What is required: Please repeat the records beneath this task exactly as they appear, but skip the images.

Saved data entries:
════════════════

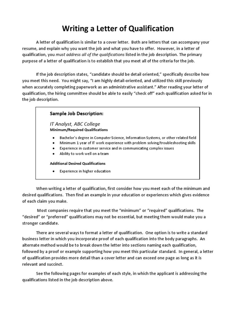 By crafting a compelling letter of qualification, you can effectively highlight why you’re the perfect fit for the job and increase your chances of landing an interview. However, in a letter of qualification, you must address all of the qualifications listed in.
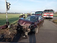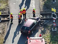 V Hradci Králové zasahují profesionální hasiči z obou Královéhradeckých stanic a hasiči Správy železnic u dopravní nehody vlaku a osobního vozidla.
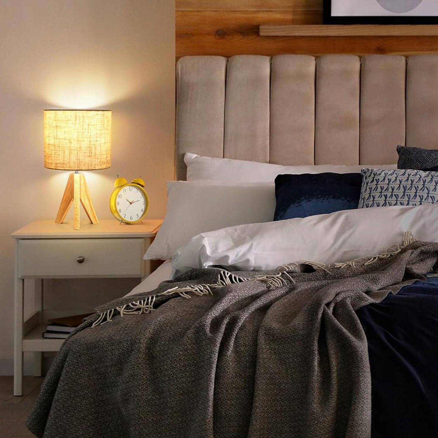 💡Неподвластный времени дизайн: Подставка из массива дерева хорошо сочетается с абажуром из льняной ткани. Простой стиль и нейтральные цвета хорошо сочетаются как с современной, так и с традиционной мебелью и идеально подходят для спальни, гостиной, офиса и т. д.
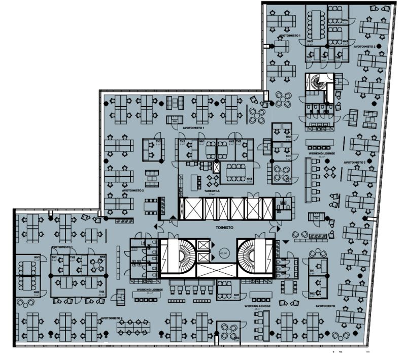 Vuokrattavana 5. kerroksen avaraa toimistotilaa.
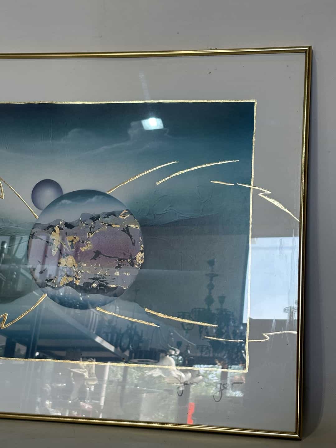 Πίνακας ζωγραφικής εκτύπωση με τζάμι σε κορνίζα.
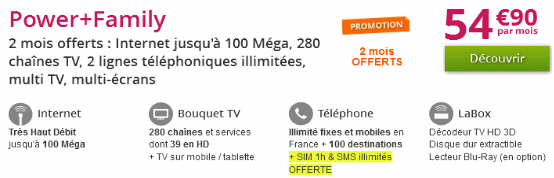 L’offre Power Family à 54.90€ comprend un accès Internet très Haut débit jusqu’à 100Méga ainsi que la TV avec 280 chaînes, disponible également sur le mobile ou Tablette et le multi Ecran. Vous profitez également de 2 lignes téléphoniques avec les appels illimités vers les fixes et mobiles en France et vers les fixes de 100 destinations. Numericable vous offre également avec cette offre une carte sim avec 1h d’appels et sms illimités.
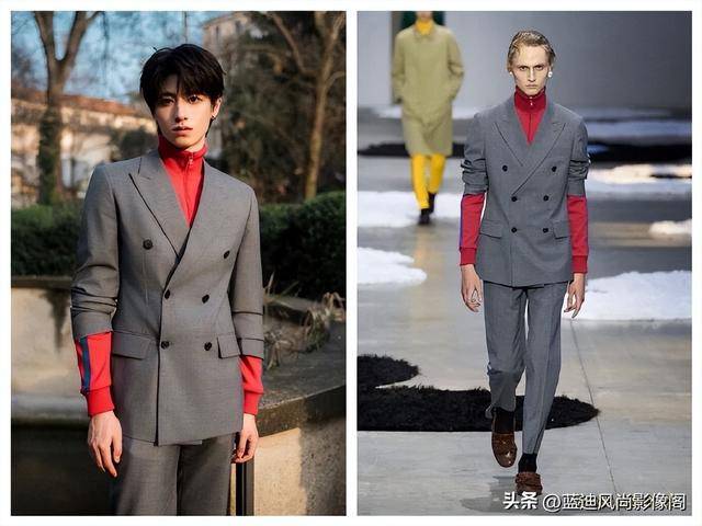 朱志鑫的深灰色双排扣套装,完美诠释了 PRADA 的极简精英美学。面料是品牌标志性的哑光精纺羊毛,细腻垂坠不僵硬,双排扣设计是 PRADA 的经典符号,却用略带松弛的 H 型廓形,弱化了西装的严肃感,添了几分少年的清俊。内搭的正红色高领『针织衫』,在冷调灰的底色上,跳出一抹热烈,既打破了套装的沉闷,又把他身上清冷又热烈的少年感完美放大,搭配 PRADA 经典的金属配饰,点睛不抢戏,文艺又高级。
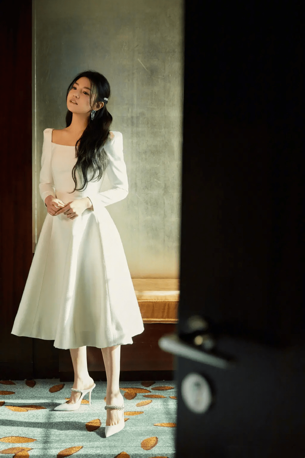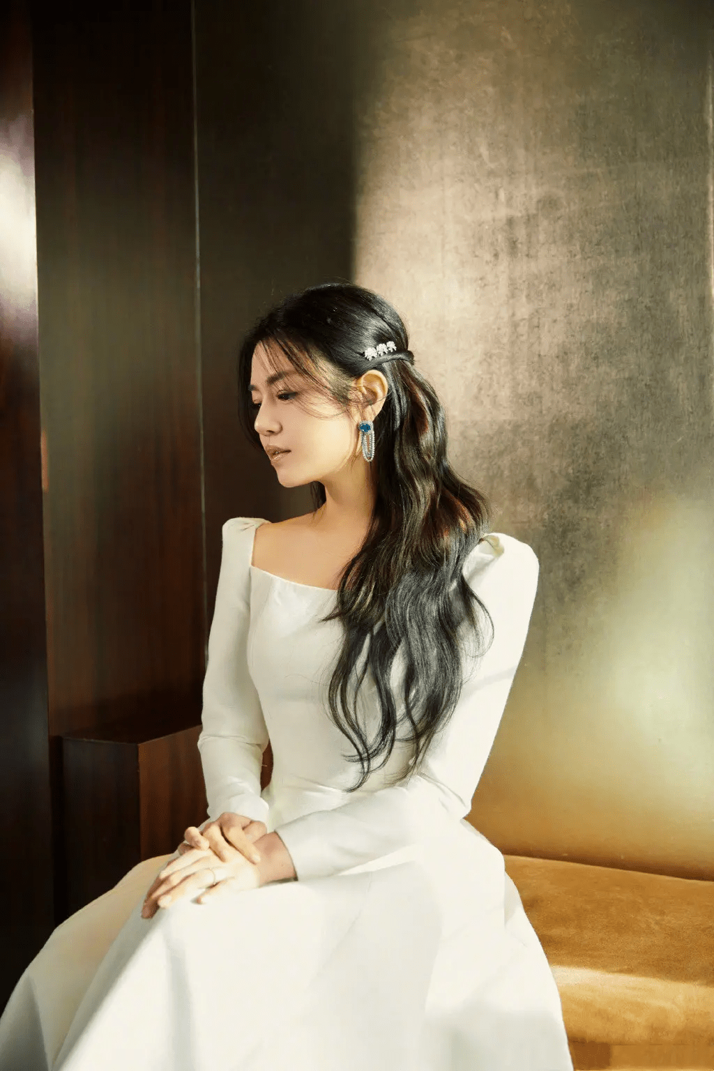 陳妍希,一身白色長裙,搭配微卷長發(fā),盡顯溫柔優(yōu)雅的氣質(zhì)
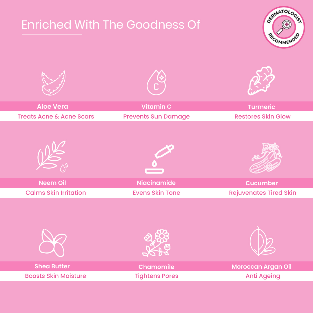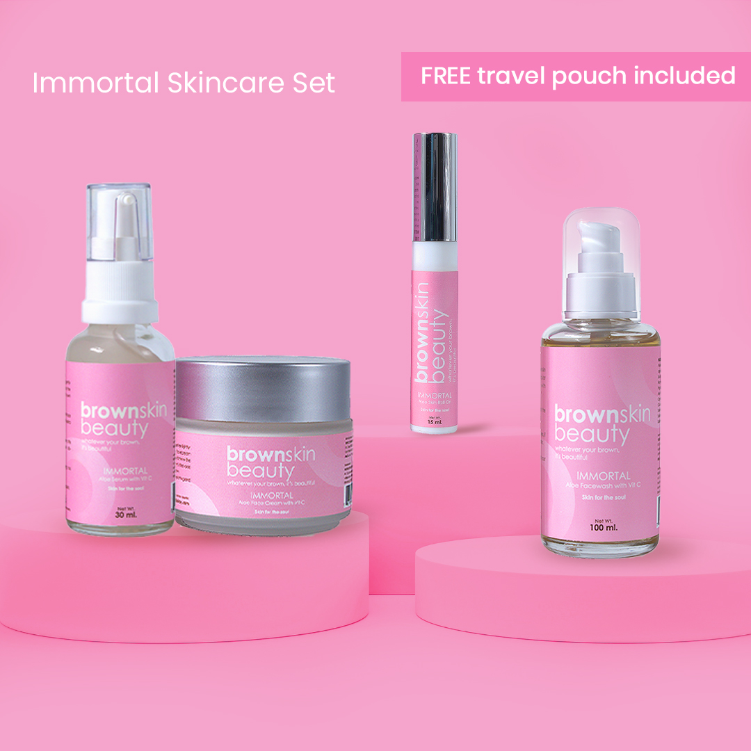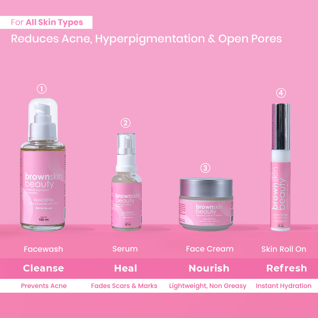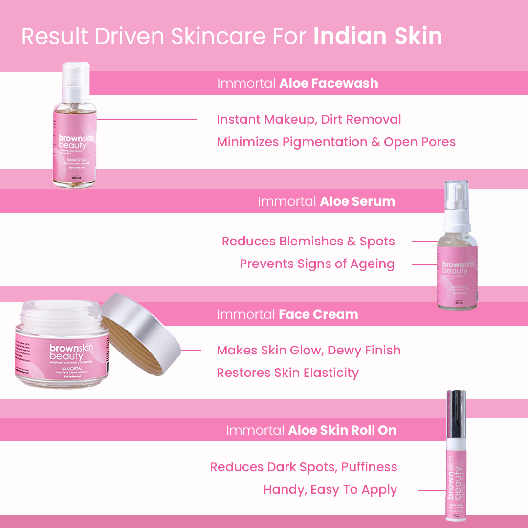 This product contains Immortal Aloe Face Cream, Immortal Aloe Facewash, Immortal Aloe Serum, Immortal Aloe Skin Roll On and BSB Travel Pouch. It works great for all skin types and helps rejuvenate & heal your skin, reduces dryness & dull spots, reduces sun damage & wrinkles and also has amazing anti-inflammatory properties.
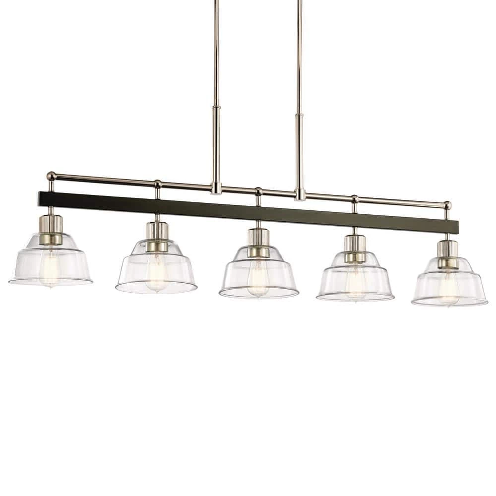 The Eastmont collection transforms classic into distinctive. Unmistakably sophisticated, undeniably alluring, Eastmont blurs the lines between luxury and rustic, industrial and vintage. How it shows up is entirely up to you. The Eastmont 5-light linear chandelier is undeniably remarkable. A Walnut Wood arm with Polished Nickel accents set the scene for the Clear Glass double-tiered shades, making this one of our most sophisticated and versatile fixtures.
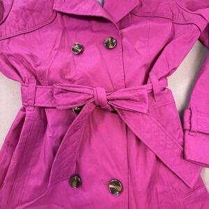 Stay stylish and dry with the London Fog Women's Pink Trench Coat. This vibrant coat features a classic double-breasted design and a flattering belt for a tailored fit. Perfect for adding a pop of color to your wardrobe.
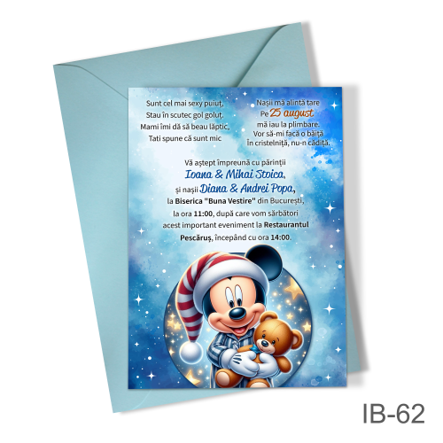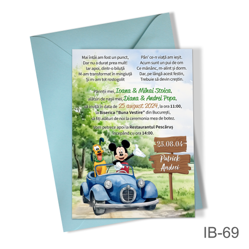 3.90 lei TVA inclusInvitatii botez baieti cu plic colorat – Mickey Mouse – IB-69
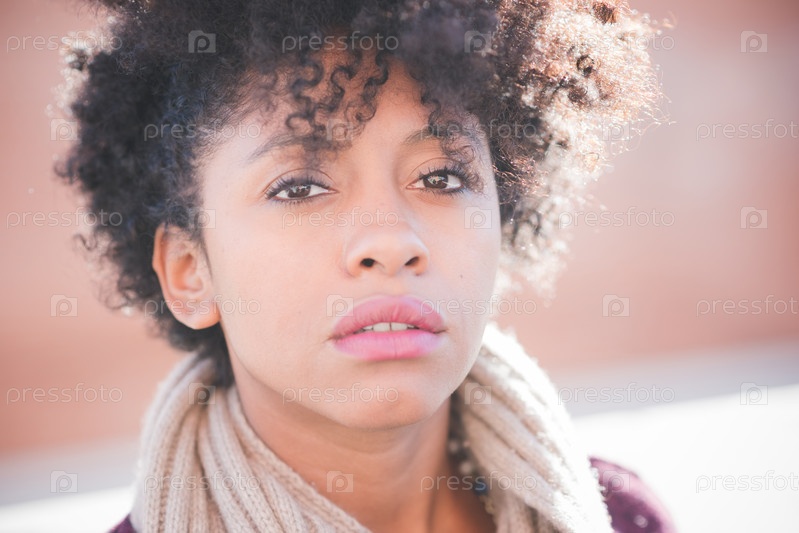 Красивая темнокожая женщина с кудрявыми волосами

════════════════

Output:
 By crafting a compelling letter of qualification, you can effectively highlight why you’re the perfect fit for the job and increase your chances of landing an interview. However, in a letter of qualification, you must address all of the qualifications listed in.
 V Hradci Králové zasahují profesionální hasiči z obou Královéhradeckých stanic a hasiči Správy železnic u dopravní nehody vlaku a osobního vozidla.
 💡Неподвластный времени дизайн: Подставка из массива дерева хорошо сочетается с абажуром из льняной ткани. Простой стиль и нейтральные цвета хорошо сочетаются как с современной, так и с традиционной мебелью и идеально подходят для спальни, гостиной, офиса и т. д.
 Vuokrattavana 5. kerroksen avaraa toimistotilaa.
 Πίνακας ζωγραφικής εκτύπωση με τζάμι σε κορνίζα.
 L’offre Power Family à 54.90€ comprend un accès Internet très Haut débit jusqu’à 100Méga ainsi que la TV avec 280 chaînes, disponible également sur le mobile ou Tablette et le multi Ecran. Vous profitez également de 2 lignes téléphoniques avec les appels illimités vers les fixes et mobiles en France et vers les fixes de 100 destinations. Numericable vous offre également avec cette offre une carte sim avec 1h d’appels et sms illimités.
 朱志鑫的深灰色双排扣套装,完美诠释了 PRADA 的极简精英美学。面料是品牌标志性的哑光精纺羊毛,细腻垂坠不僵硬,双排扣设计是 PRADA 的经典符号,却用略带松弛的 H 型廓形,弱化了西装的严肃感,添了几分少年的清俊。内搭的正红色高领『针织衫』,在冷调灰的底色上,跳出一抹热烈,既打破了套装的沉闷,又把他身上清冷又热烈的少年感完美放大,搭配 PRADA 经典的金属配饰,点睛不抢戏,文艺又高级。
 陳妍希,一身白色長裙,搭配微卷長發(fā),盡顯溫柔優(yōu)雅的氣質(zhì)
 This product contains Immortal Aloe Face Cream, Immortal Aloe Facewash, Immortal Aloe Serum, Immortal Aloe Skin Roll On and BSB Travel Pouch. It works great for all skin types and helps rejuvenate & heal your skin, reduces dryness & dull spots, reduces sun damage & wrinkles and also has amazing anti-inflammatory properties.
 The Eastmont collection transforms classic into distinctive. Unmistakably sophisticated, undeniably alluring, Eastmont blurs the lines between luxury and rustic, industrial and vintage. How it shows up is entirely up to you. The Eastmont 5-light linear chandelier is undeniably remarkable. A Walnut Wood arm with Polished Nickel accents set the scene for the Clear Glass double-tiered shades, making this one of our most sophisticated and versatile fixtures.
 Stay stylish and dry with the London Fog Women's Pink Trench Coat. This vibrant coat features a classic double-breasted design and a flattering belt for a tailored fit. Perfect for adding a pop of color to your wardrobe.
 3.90 lei TVA inclusInvitatii botez baieti cu plic colorat – Mickey Mouse – IB-69
 Красивая темнокожая женщина с кудрявыми волосами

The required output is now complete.